Crack investigative reporter and dear friend Jason Leopold is breaking some news today. As always, he has graciously permitted me to share the post with you. However, I’ll only share part of it. Please go here to read the whole thing:

Jay Bybee, the former head of the Department of Justice’s Office of Legal Counsel (OLC) who signed two infamous August 2002 legal memos which gave CIA interrogators the green light to torture “war on terror” prisoners, told a congressional committee that more than a half-dozen of the tactics detainees were subjected to were not “authorized” by the DOJ.

In a closed-door interview May 26 with members of the House Judiciary Committee, Bybee, now a Ninth Circuit Appeals Court judge, said OLC did not approve of the use of diapering, water dousing, forcing a detainee to defecate on himself or wear blackout goggles, extended solitary confinement or isolation, hanging a detainee from ceiling hooks, daily beatings, or the use of loud music or noise.

In an investigative report published by Truthout on April 17, intelligence officials who spoke on condition of anonymity said Abu Zubaydah, the first high-value detainee captured after 9/11, was subjected to repeated sessions of “water dousing,” a method that, at the time interrogators used it on Zubaydah, was described as spraying him with extremely cold water from a hose while he was naked and shackled by chains attached to a ceiling in the cell he was kept in at a black-site prison.

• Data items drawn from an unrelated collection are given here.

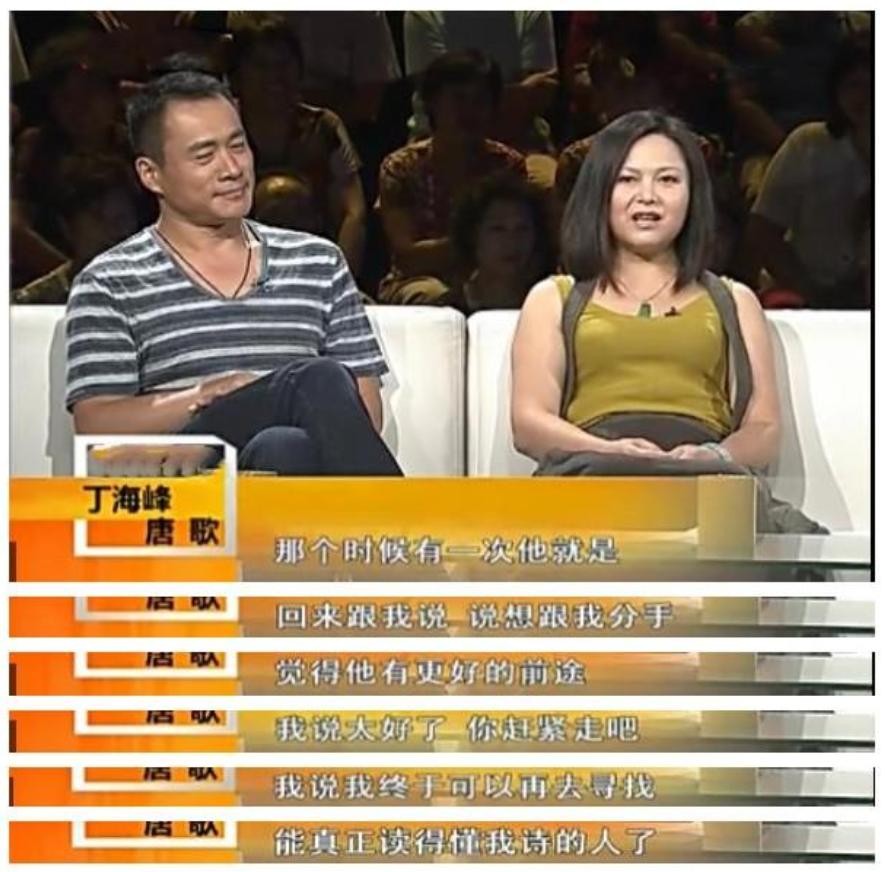 很多年后,在一次公开采访中,丁海峰提及一件小事,就是在他刚刚和唐歌谈恋爱时,他随口说了一句让唐歌替他洗衣服,唐歌就真的去了。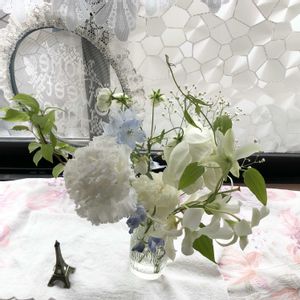 長女の結婚式🎶 テーブルフラワーを頂きました。 純白の花達も長女も綺麗でした(親馬鹿です、すみません)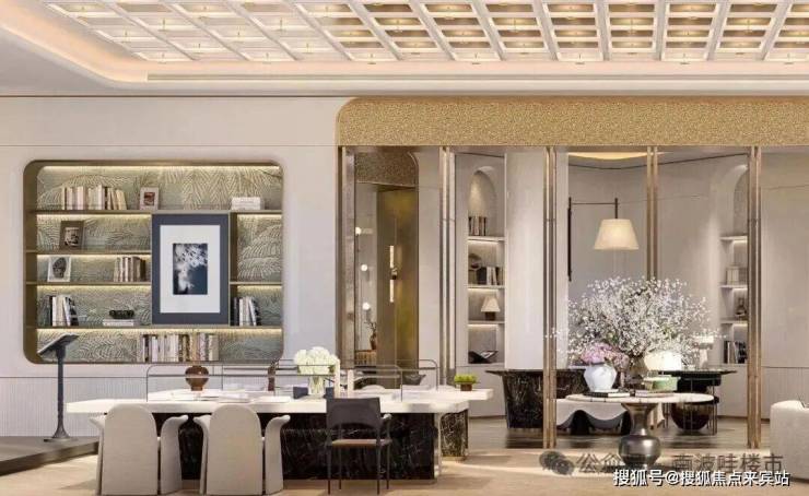 三重礼序归家:酒店式南北双大堂、单元大堂、酒店式车库大堂3重尊享归家动线,南大堂约12米震撼层高,北大堂约6米挑高,奢阔空间给予归家尊崇仪式感;
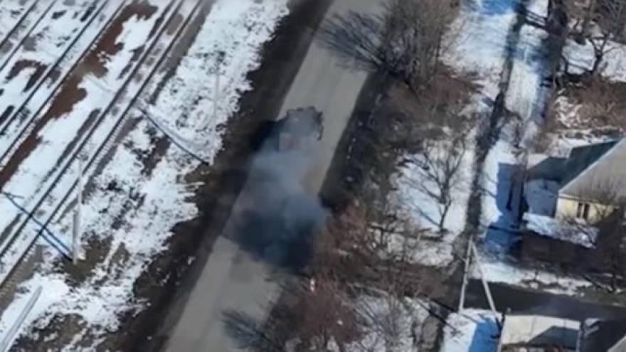 Ukrayna'nın Harkov kentinde yaşanan olayda, içinde Rus askerlerinin bulunduğu kamyonun bazuka ile vurulduğu görüldü. Ukraynalı askerin gövde kamerası ve havadan çekilen görüntülerde, saldırı sonrası kamyonun elektrik direğine çarparak durabildiği kayıtlara geçti.
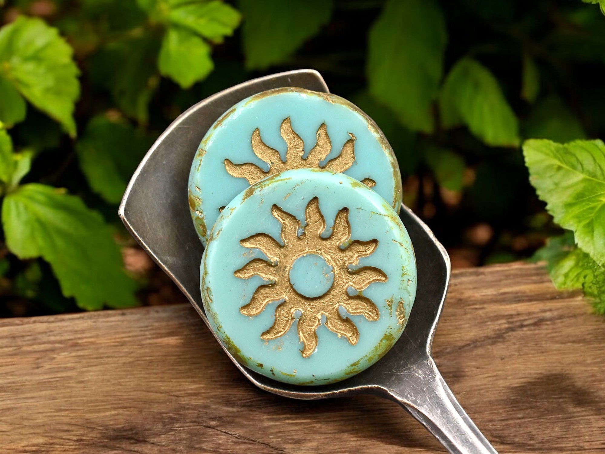 ♥ Type/Shape: Czech glass coin focal bead with sun design (on both sides of bead)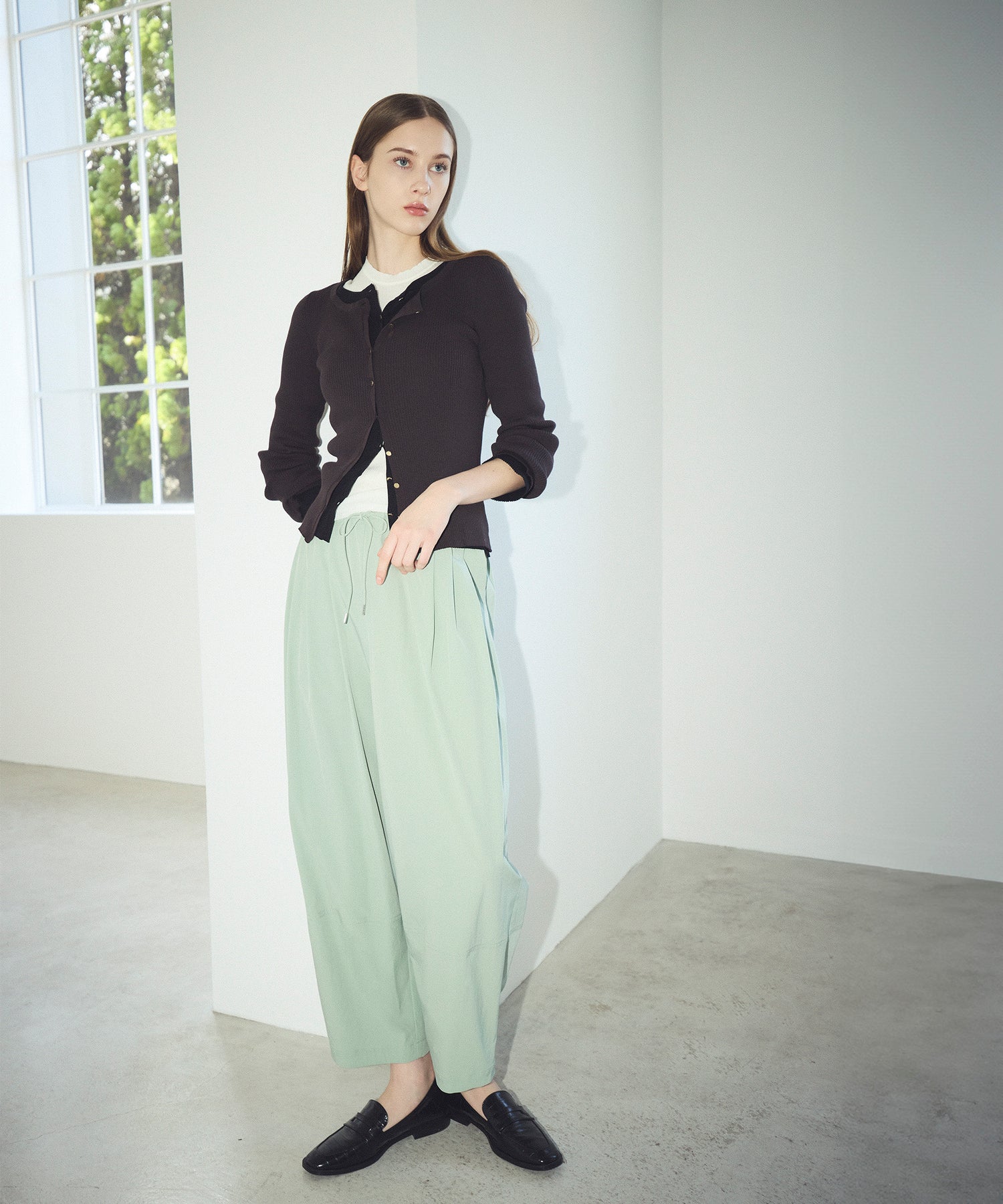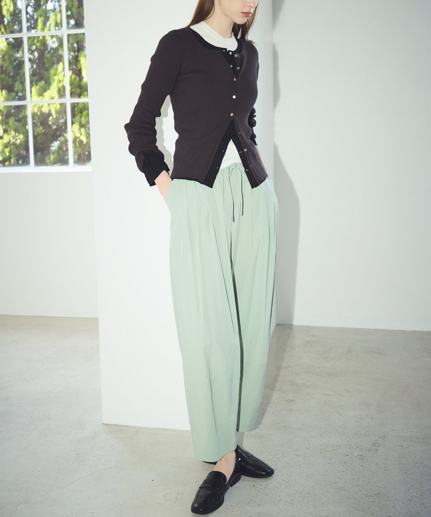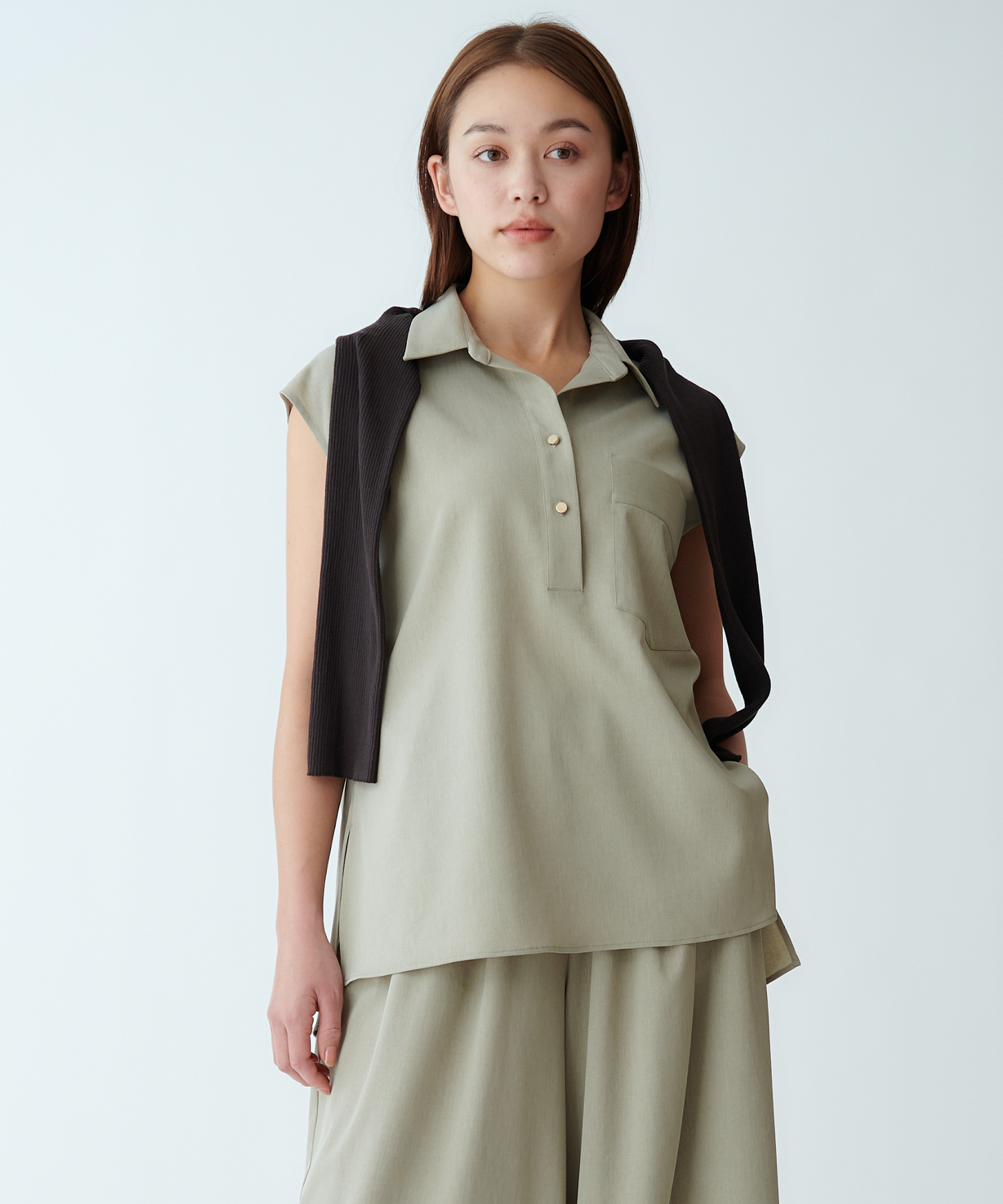 イン・アウトどちらでもバランスの良いシルエットなので幅広いボトムスとの着こなしを楽しんでいただけます。

The OLC did not approve the use of water dousing as an interrogation technique until August 2004. Use of the method is believed to have played a part in the November 2002 death of Gul Rahman, a detainee who was held at an Afghanistan prison known as The Salt Pit and died of hypothermia hours after being doused with water and left in a cold prison cell. [...]

According to declassified documents, published reports and interviews conducted by human rights organizations with prisoners over the past eight years, the CIA used the unauthorized torture tactics repeatedly on detainees in the custody of the agency. The unauthorized methods and the final 10 techniques Bybee said detainees could legally be subjected to amount to a violation of the Geneva Conventions and federal anti-torture laws.

Despite the fact that the memos have been condemned by Republicans, Democrats and several Bush administration officials and were withdrawn by Bybee’s successor, Jack Goldsmith, Bybee still defended his work and said his critics have either “misread” or misinterpreted his legal analysis on presidential power. [...]

Bybee, whose responses to questions appears to be an attempt to absolve himself of culpability, told Judiciary Committee members that interrogators who employed techniques that deviated from the guidelines contained in the torture memos he signed acted without the approval of OLC. [...]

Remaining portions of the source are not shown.